Generating novel active molecules for a given protein is an extremely challenging task for generative models that requires an understanding of the complex physical interactions between the molecule and its environment. In this paper, we present a novel generative model, BindGPT which uses a conceptually simple but powerful approach to create 3D molecules within the protein's binding site. Our model produces molecular graphs and conformations jointly, eliminating the need for an extra graph reconstruction step. We pretrain BindGPT on a large-scale dataset and fine-tune it with reinforcement learning using scores from external simulation software. We demonstrate how a single pretrained language model can serve at the same time as a 3D molecular generative model, conformer generator conditioned on the molecular graph, and a pocket-conditioned 3D molecule generator. Notably, the model does not make any representational equivariance assumptions about the domain of generation. We show how such simple conceptual approach combined with pretraining and scaling can perform on par or better than the current best specialized diffusion models, language models, and graph neural networks while being two orders of magnitude cheaper to sample.

Training Paradigm

Pretraining

The key idea of our method is utilizing an autoregressive token generation model, influenced by GPT-based models, to solve several 3D small molecule generation tasks in one simple yet flexible paradigm. The main principle in our approach is to formulate several 3D molecular design task as prompted generation of text. To achieve that, we layout the tokens of a condition before the tokens of the object to generate. For instance, a prompt can be the protein pocket for the pocket-conditioned generation task or the 2D molecular structure for the conformation generation task. During pretraining, every sequence in the training batch is either a ligand sequence of tokens or a pocket sequence of tokens following the scheme on the right image. We pretrain a 100M GPT model on 42B tokens on the version of data without hydrogens and 90B tokens on the data with hydrogens.

Data Layout

Figure 1: Data layout during the pretraining. Arrows show the tokens sequence order. Nodes such as <POCKET> show special tokens. Training is done on a mixture of pocket and ligand datasets.
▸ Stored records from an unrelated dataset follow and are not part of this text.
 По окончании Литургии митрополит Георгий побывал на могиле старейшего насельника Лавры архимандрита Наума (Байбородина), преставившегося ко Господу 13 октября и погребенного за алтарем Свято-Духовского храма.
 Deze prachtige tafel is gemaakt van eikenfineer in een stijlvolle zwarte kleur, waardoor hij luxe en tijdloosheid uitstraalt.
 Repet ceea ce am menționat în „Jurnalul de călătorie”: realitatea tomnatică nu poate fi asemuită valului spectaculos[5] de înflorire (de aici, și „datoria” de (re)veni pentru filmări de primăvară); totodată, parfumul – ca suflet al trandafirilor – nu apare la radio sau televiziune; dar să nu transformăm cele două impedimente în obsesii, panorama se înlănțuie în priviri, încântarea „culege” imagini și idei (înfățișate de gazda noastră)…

Supervised Finetuning and Reinforcement Learning

Data Layout

Figure 2: Data layout during the finetuning. Arrows show the tokens sequence order. Nodes such as <LIGAND> show special tokens.

As a result of the pretraining, BindGPT gains an understanding of a broad chemical space of molecules and proteins. In the supervised finetuning stage, we simply concatenate text encodings of protein pocket and molecule as shown in the image. We treat resulting sequences as prompt2responce strings and finetune the language model in a supervised learning fashion (BindGPT-FT). Thereforem having learned proteins and molecules separately during pretraining, the finetuning exploits the independent knowledge of both pockets and ligands to learn a conditional dependency between them.
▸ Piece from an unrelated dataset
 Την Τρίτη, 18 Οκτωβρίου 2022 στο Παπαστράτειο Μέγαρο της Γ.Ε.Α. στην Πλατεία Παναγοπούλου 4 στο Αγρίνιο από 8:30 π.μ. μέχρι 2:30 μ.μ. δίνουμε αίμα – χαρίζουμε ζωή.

We employ SMILES randomization, which can heavily randomize one molecule by yielding 100-1000 different SMILES strings. Also, we randomly rotate the 3D coordinates of the protein pocket and of the ligand (with the same rotation matrix). This way our model learns to understand structural and spatial properties of molecular binding beyond just token sequences, that is, it learns equivariant protein binding.

To enable generation of molecules with high binding affinity, we employ two strategies: Reward-conditined finetuning (BindGPT-RFT) and finetuning with RL (BindGPT-RL). the first one simply adds a scalar score to the prompt of the language model during the supervised finetuning stage.

Second, use reinforcement learning to optimize the binding affinity of molecules. We use the model from the SFT stage (i.e. BindGPT-FT) and train it with REINFORCE over a fixed dataset of pocket prompts.

Results

We evaluate BindGPT on three downstream tasks of drug discovery: 3D molecule generation, 3D conformer generation, and pocket-conditioned generation of 3D molecules. We pretrain BindGPT on a large conformer dataset consisting of 208M 3D molecular conformers. After pretraining, the model can already solve two downstream tasks in a zero-shot fashion: generating molecules in 3D and 3D conformer generation.

Table 1: Generative metrics for the molecule generation task after the large-scale pretraining. (H) is explicit hydrogens are generated with molecules. For XYZ-TF, the RMSD calculation algorithm failed to converge. BindGPT and XYZ-TF are the only models capable of pretraining at such large scale.

Figure 3: Unconditional samples from the model. No cherry picking, filtering, or tool-use.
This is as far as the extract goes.